You might prefer to try Nujan instead of mixing python and netcdf,
although variables are limited to 2GB

http://www.ral.ucar.edu/~steves/nujan.html


On Fri, Nov 25, 2011 at 11:01 AM, Ute Brönner <[email protected]> wrote:
> Hi folks,
>
> I kind of lost track of our latest discussions and had the feeling that this 
> was partly outside the mailing group; so I will try to sum up what we were 
> discussing.
> My latest try was to produce NetCDF for particle trajectory trying to write 
> out the concentration grid which resulted in a 11GB netFCDF3 file :-(
>
> So we have different motivations for discussion particle trajectory and 
> netcdf4.
>
> First question:
> Does anybody know if and if yes, when writing netCDF4 will be incorporated 
> into the NetCDF Java library? Or will we use Python with the help of Jython 
> etc. (http://www.slideshare.net/onyame/mixing-python-and-java) to write 
> netCDF4?
>
> Second question:
> Is there a de facto standard / proposal for writing Particle Trajectory Data 
> which could be CF:featureType: <whatever we agree on>? The suggestion below 
> is not suitable because:
> 1) we don't track a particle the whole time, it may disappear and show up 
> again later, but if I have 1000 particles in time step 1 and 1000 in time 
> step 2 we cannot be sure these 1000 are the same as before.

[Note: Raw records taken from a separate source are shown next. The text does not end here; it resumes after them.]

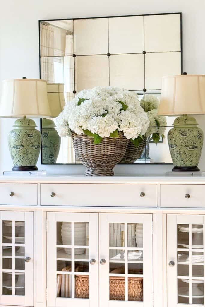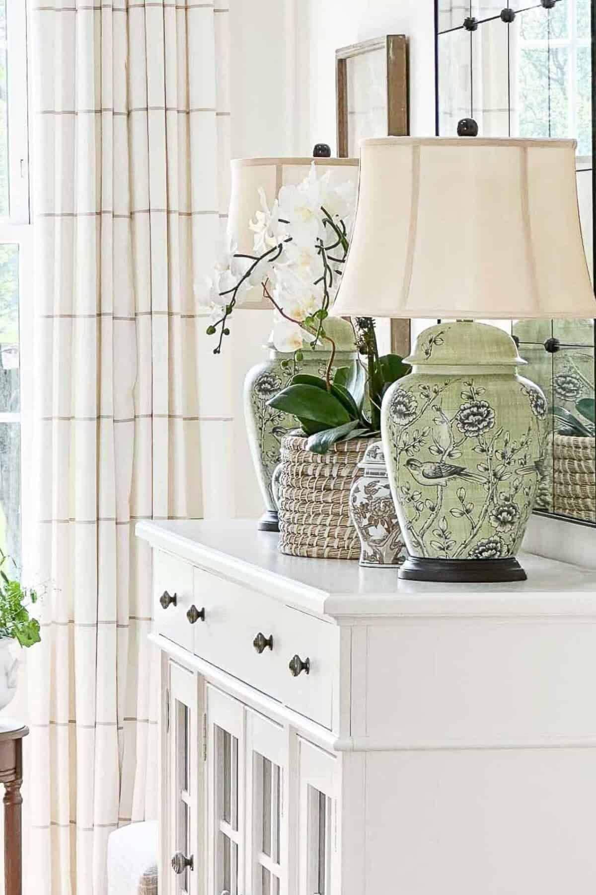 If you have a hutch, buffet, or another flat surface in your dining area, add a small green accent there too. Repeating the color in a few places helps the whole room feel connected and complete.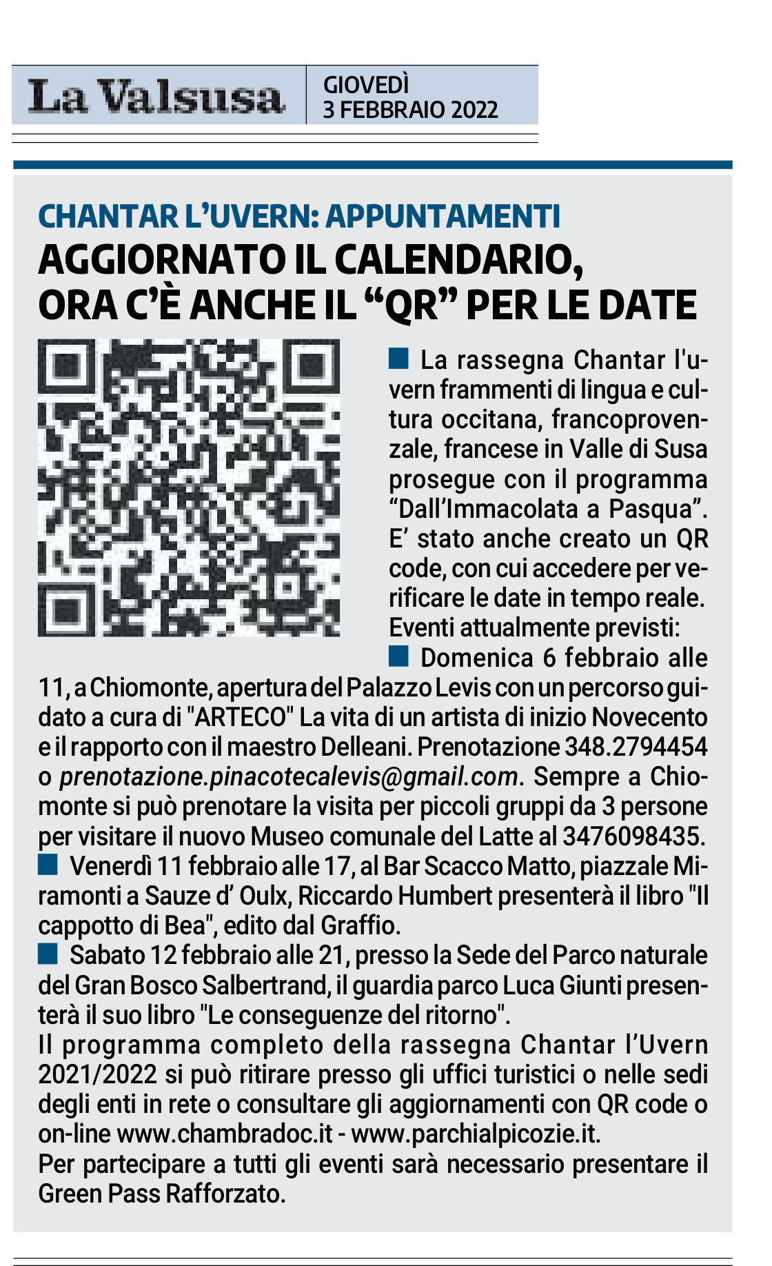 Dal Cappotto di Bea agli incontri con il lupo per Chantar l’Uvern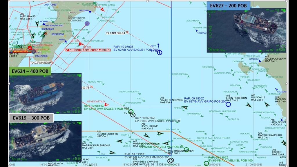 Altre unità della Guardia Costiera - Nave Dattilo e le motovedette SAR CP 326 e CP 325 - stanno prestando soccorso ad altri due barconi con un totale di circa 800 migranti a bordo che si trovano, invece, a circa 100 miglia a SE di Roccella Ionica.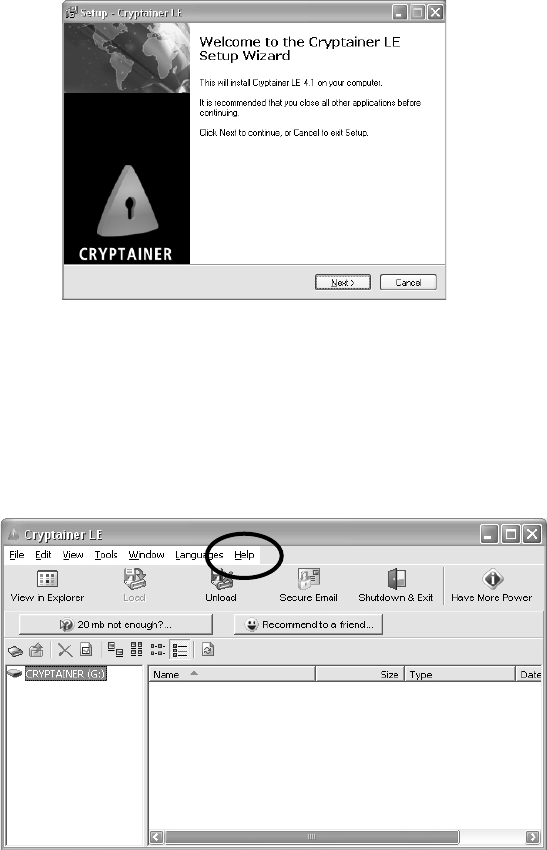 1. Insert Cryptainer/Second Copy CD into CD-ROM drive.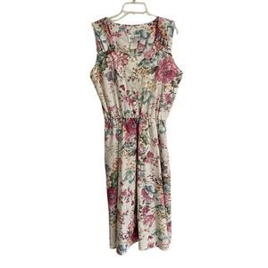 Vintage New Looks BoHo Granny Floral Midi dress women’s *16 modest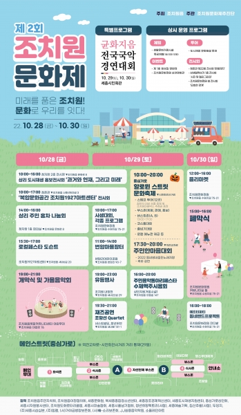 균화지음 전국국악경연대회 청자장 홍차 시음회 생활문화거점시설 목공체험 번암리 마을투어 도시재생 문화해설투어 조치원문화정원 심야영화관 청춘관 제22회 전시회 ‘한림제지’ 상생협력상가 전시회 등이 열려 다양한 볼거리를 제공할 계획이라고 전했다.
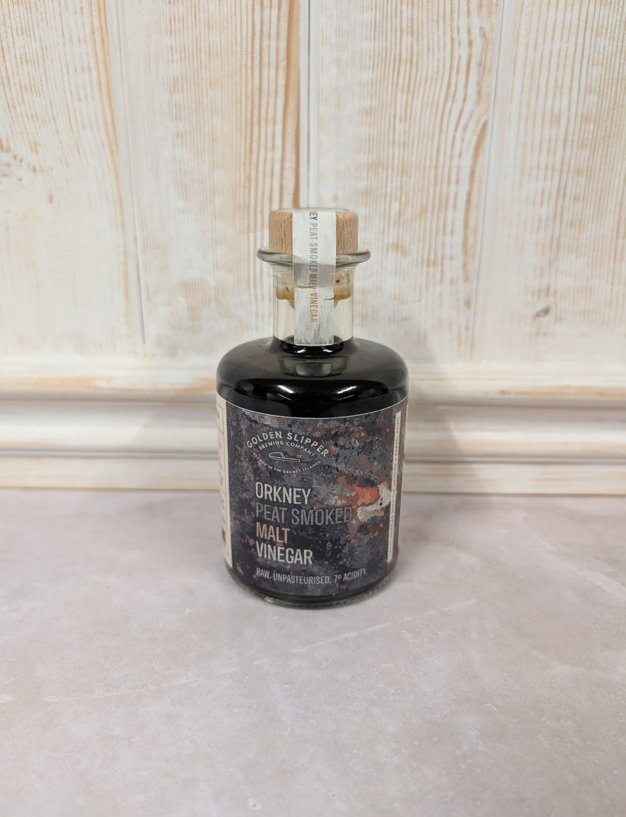 This lovely vinegar made by The Golden Slipper in Orkney is a complex and acidic vinegar made with peat-smoked Golden Promise malt.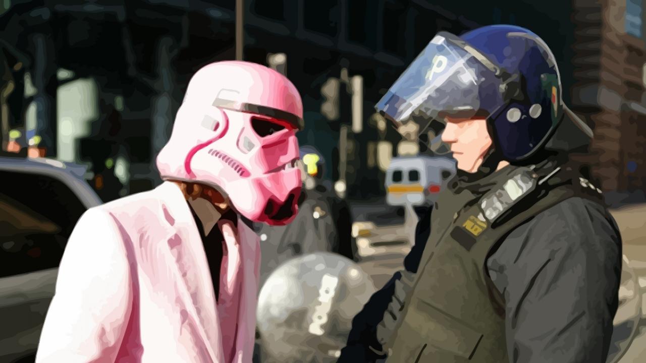 Wallpaper A police officer and a man in a pink mask of Darth Vader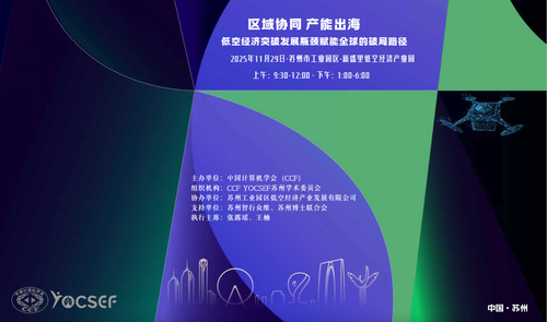 2025 年 11 月 29 日,由中国计算机学会(CCF)主办、YOCSEF 苏州学术委员会组织的 “低空经济突破发展瓶颈赋能全球的破局路径 — 区域协同 产能出海” 观点论坛(CCF-Yo-25-080)在苏州工业园区新盛里低空经济产业园举办。论坛得到苏州工业园区低空经济产业发展有限公司、苏州智行众维、苏州博士联合会等单位支持,执行主席由昆山杜克大学数字创新研究中心副高级研究员、CCF YOCSEF 苏州AC及学术秘书张露瑶,及苏州智行众维投融资负责人、YOCSEF AC 王楠共同担任,汇聚产学研政、行业协会、金融机构等众多嘉宾,亦吸引国际友人参与。论坛分上午预热沙龙、中午特色参观与下午主论坛三个核心环节,上午以 “感知体验 + 初步对接” 奠定产业认知基础,中午通过特色展厅参观深化航空文化认知,下午以 “深度思辨 + 路径拆解” 输出破局解决方案,三者从 “产业认知 - 文化科普 - 实践落地” 层层递进,形成 “产业现状认知 - 跨界需求碰撞 - 核心瓶颈拆解 - 全球破局路径” 的完整讨论闭环,共探低空经济跨界融合与全球化发展新方向。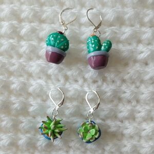 Handmade Set of 4 Succulent and Cactus French Leverback Hook Crochet Knitting Stitch Markers Progress Keepers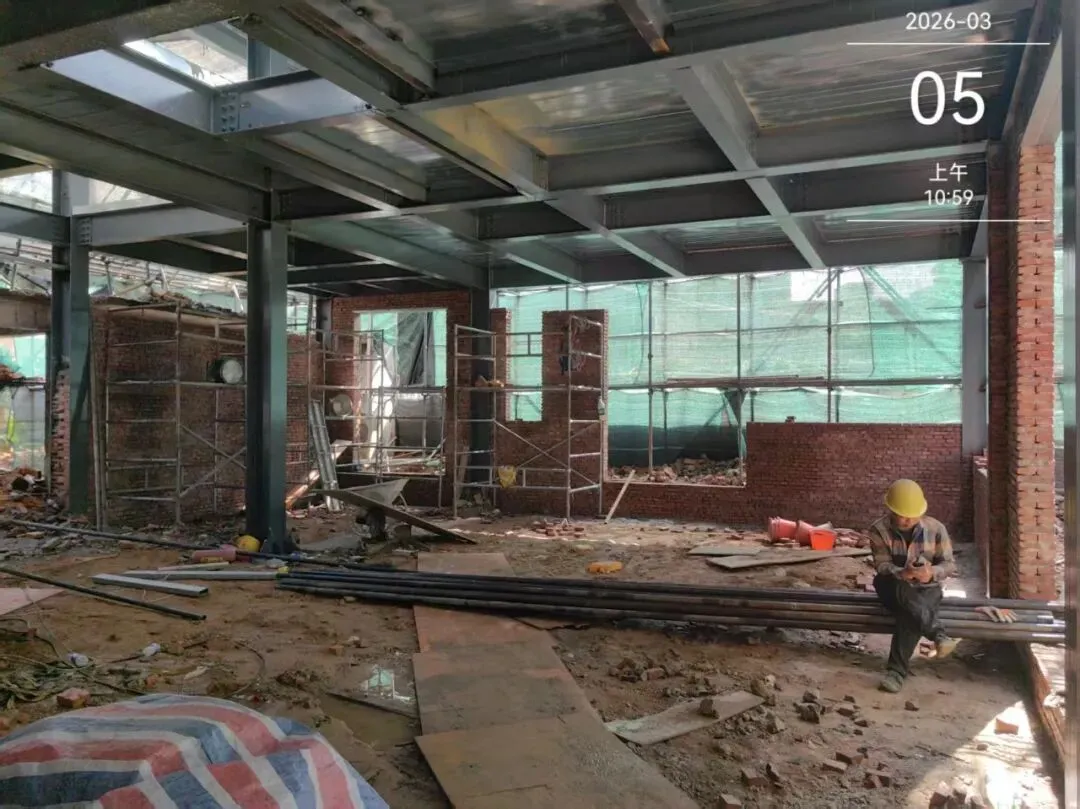 钢结构框架已安装,现场师傅在墙体施工当中。。。

> 2) I cannot know the number of time steps in advance.
>
> I would like sth. like
> dimensions:
>   particle = UNLIMITED; //because it may change each time step
>   time = UNLIMITED; // because I don't know
>
> then every variable is like
> latitude (particle, time)
> longitude (particle, time)
>
> and I might have
> int number_particles_per_timestep(time);
>     :units = "1";
>     :long_name = "number particles per current timestep";
>     :CF:ragged_row_count = "particle";
>
> That some of you need to know which spill a particle came from, may be solved 
> with a 3rd dimension spill
> dimensions:
>   spill = 3; // or how many one has
>   particle = UNLIMITED; //because it may change each time step
>   time = UNLIMITED; // because I don't know
>
> particle (spill, time)
>
> then every variable is like
> latitude (particle)
> longitude (particle)
>
> how would one write this? With coordinates or as hierarchical data structure?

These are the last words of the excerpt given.